Fisher Fights to Get on GOP Gubernatorial Ballot

While a field of five Democrats continues to battle to become their party’s gubernatorial nominee this fall, Charlie Baker has enjoyed the certainty of being the sole name on the Republican primary ballot since securing his party’s endorsement at its convention last month.

But now a rival Republican—Mark Fisher of Shrewsbury, owner of a metal manufacturing company and a member of the Tea Party—is legally challenging those convention results, in the hope of getting his name on the primary ballot as well. Last week, Fisher filed a lawsuit in Suffolk Superior Court against the Massachusetts Republican Party, challenging the delegate count at the convention. Under party rules, a candidate needed to win at least 15 percent of the convention vote to make it on to the ballot. Baker easily made it, with 82 percent of the vote, while Fisher just missed that threshold, according to the party.

Fisher, however, maintains that the party erred in counting blank ballots and that, if it hadn’t counted those ballots, he would have won 15.16 percent of the vote. He’s asking the court to force the Republican party to put his name on the primary ballot.
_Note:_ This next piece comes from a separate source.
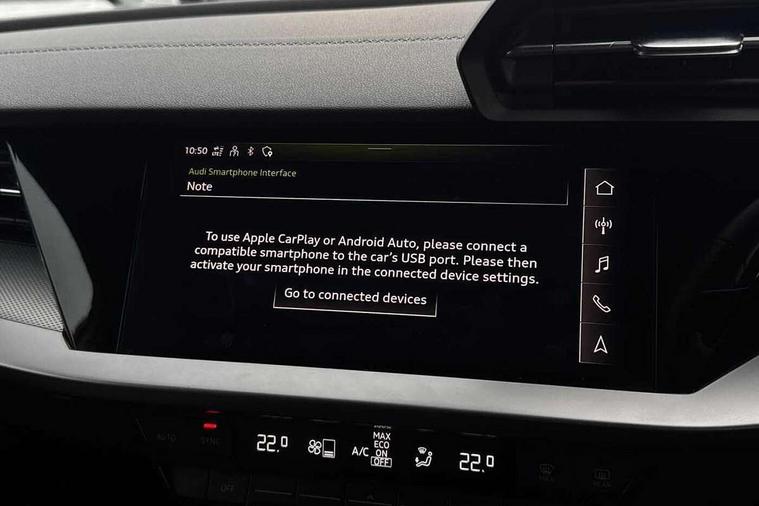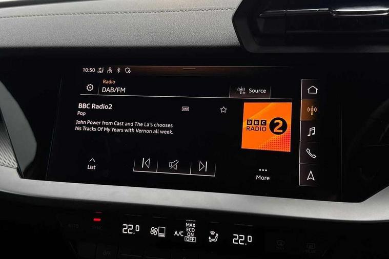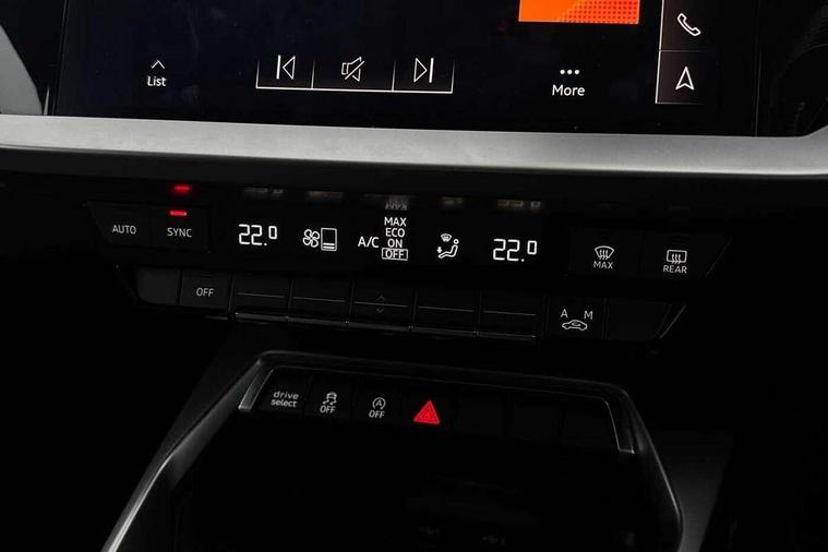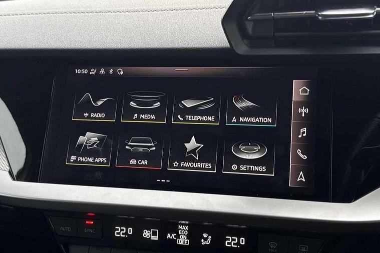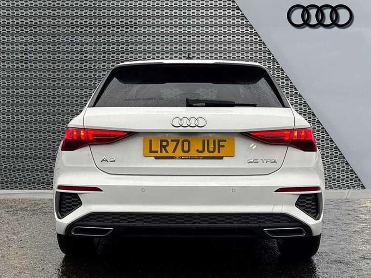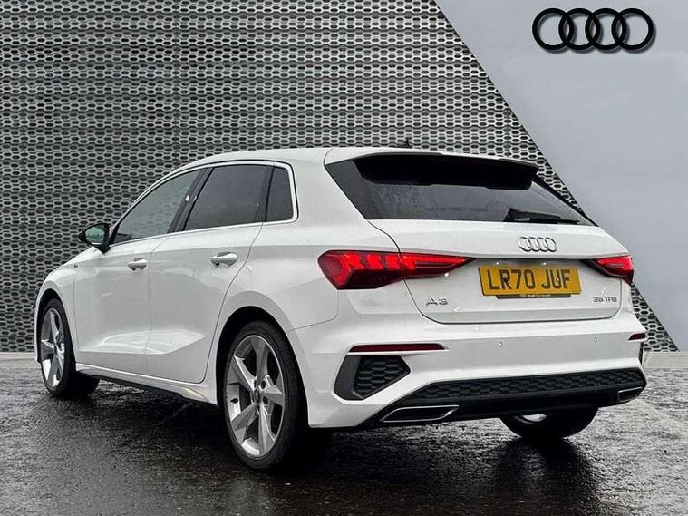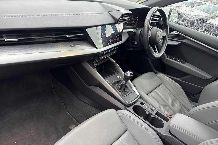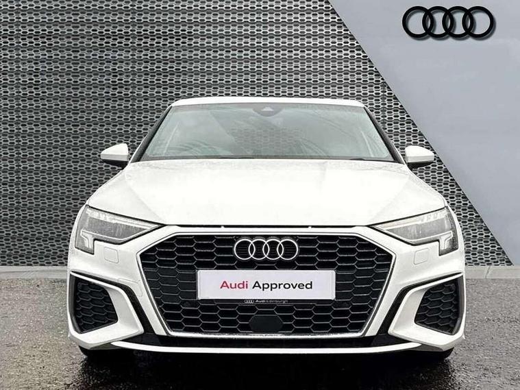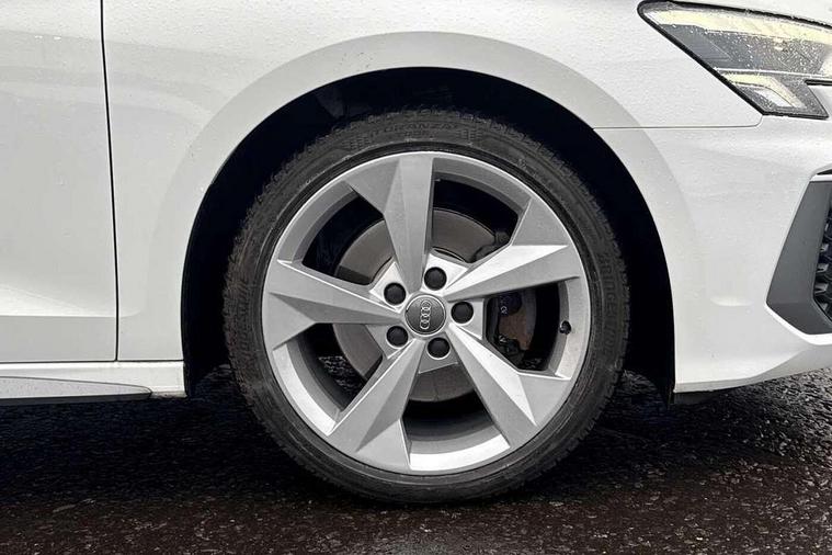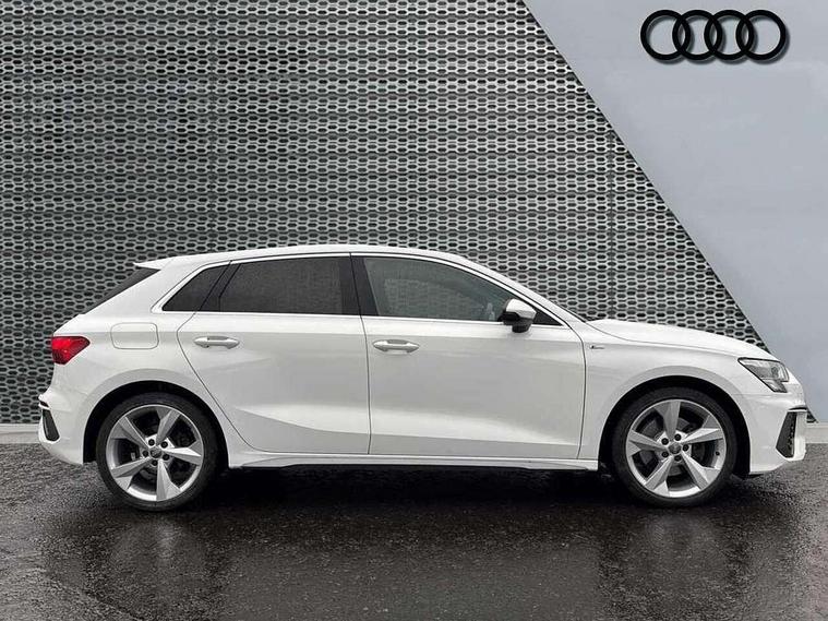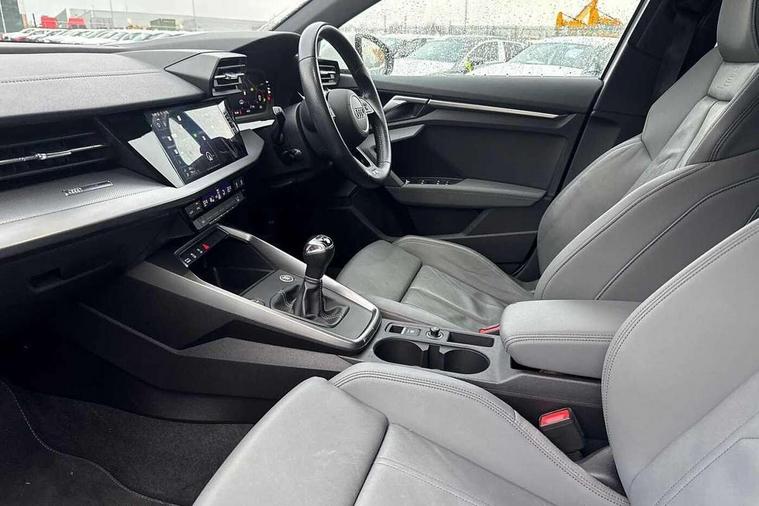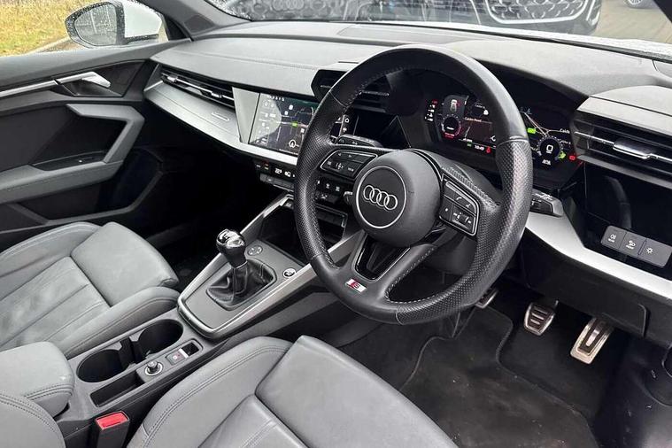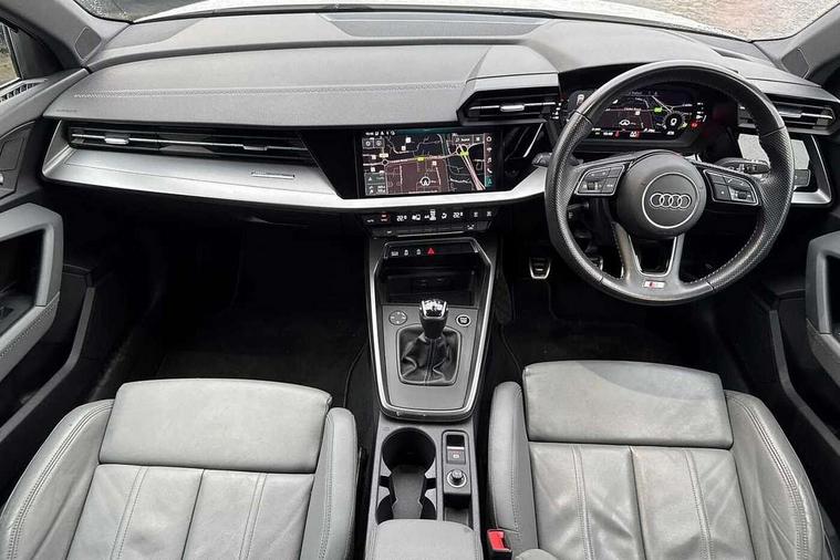 Audi connect emergency call and service, Audi drive select (Auto, Comfort, Dynamic, Efficiency and Individual), Audi smartphone interface, Audi Virtual Cockpit - 10.25" digital and colour instrument cluster, Automatic start/stop system with recuperation, Bluetooth interface, Collision avoidance assistant, Cruise control, Electromechanical power speed sensitive steering, Lane departure warning system, MMI Navigation Plus with high resolution 10.1" colour touch screen display, Rear parking sensors, Service indicator, Trip computer, Voice control system with natural language interaction, 1xUSB-A and 1xUSB-C connection, 6 passive loudspeakers, DAB Digital radio, Acoustic glass windscreen, Aluminium window trim, Auto dimming frameless rear view mirror, Body colour exterior mirrors, Electrically adjustable/heated/folding/dimming door mirrors with kerb view includes integrated LED indications + kerb view function for passenger side, Front electric windows, Illuminated aluminium inserts front door sills with S logo, LED daytime running lights, Light and rain sensors, Privacy glass - dark tinted rear window, rear door and side windows, Rear electric windows, Rear side air outlets in grained matt black, Rear wiper, S line bumpers, S roof spoiler, 12V socket and storage compartment in front centre console, 40/20/40 split folding rear seat bench with cupholder, Black cloth headlining, Dual zone electronic climate control, Front and rear centre armrest in leather, Front and rear headrests, Front/rear floor mats, Height and reach adjustable steering wheel, Interior lighting - glove compartment light and right hand side, Luggage compartment floor covering, Manual boot compartment lid, Manually adjustable front seats, Seat side bolsters, Stainless steel pedals and front footrest, Twin leather upholstery with front sports seats S embossed logo, Aluminium interior elements pack - A3 Sportback, S line styling pack - A3 Sportback, 3x3 point rear seat belts, Driver and front passenger airbag with passenger airbag deactivation, Electronic Stabilisation Control (ESC) including ABS, ASR and EDL, First aid kit with warning triangle and 2 safety vests, Hill hold assist, Pre-sense front with pedestrian and cyclist detection, Seatbelt monitoring, Tyre pressure loss indicator, Anti theft alarm, Anti-theft wheel bolts, Electronically operated child lock, Immobiliser, Remote control central locking, Accent surfaces in the dashboard and centre console in platinum grey silk effect paint finish, Dark spectrum aluminium inlays,

Kirsten Hughes, chair of the Mass. GOP, released a statement to the media defending the process used to tally the ballots. “[A]ll ballot challenges were thoroughly and properly adjudicated in an open manner during the convention with Mr. Fisher’s legal counsel present,” she said.

Baker also issued a statement saying, “I respect Mark’s decision to pursue this course of action, and am confident the party will work to ensure the process was fair and transparent.” He added, “Should a primary be determined to be the fair resolution, I will welcome it and work hard to win the nomination and then carry my message of making Massachusetts great into the general election.”

While the lawsuit creates something of a distraction from Baker’s full-steam-ahead progress to the November general election, it seems unlikely that he has all that much to worry about; while residents of the typically “blue” commonwealth have a history of electing Republicans to the governor’s office, conventional wisdom holds that a moderate candidate like Baker has a significantly better shot of wooing Massachusetts voters than one who’s affiliated with the Tea Party, as Fisher is. Still, the legal challenge will eat up some GOP time and resources, which has to be good news to the five Democrats (Joe Avellone, Don Berwick, Martha Coakley, Steve Grossman and Juliet Kayyem) still fighting for their party’s nomination, as well as the three Independents (Evan Falchuk, Scott Lively and Jeff McCormick) aiming to be on the ballot.•

 

Narcan to the Rescue

Interstate 91 between New York and Vermont has become the “Heroin Highway” as police intercept cars carrying hundreds of bags of heroin. Sixteen hundred bags were found in a car driven by a man from Hinsdale, N.H. last November and 1,250 in another car stopped in Hatfield in December, while smaller amounts are confiscated weekly, almost daily.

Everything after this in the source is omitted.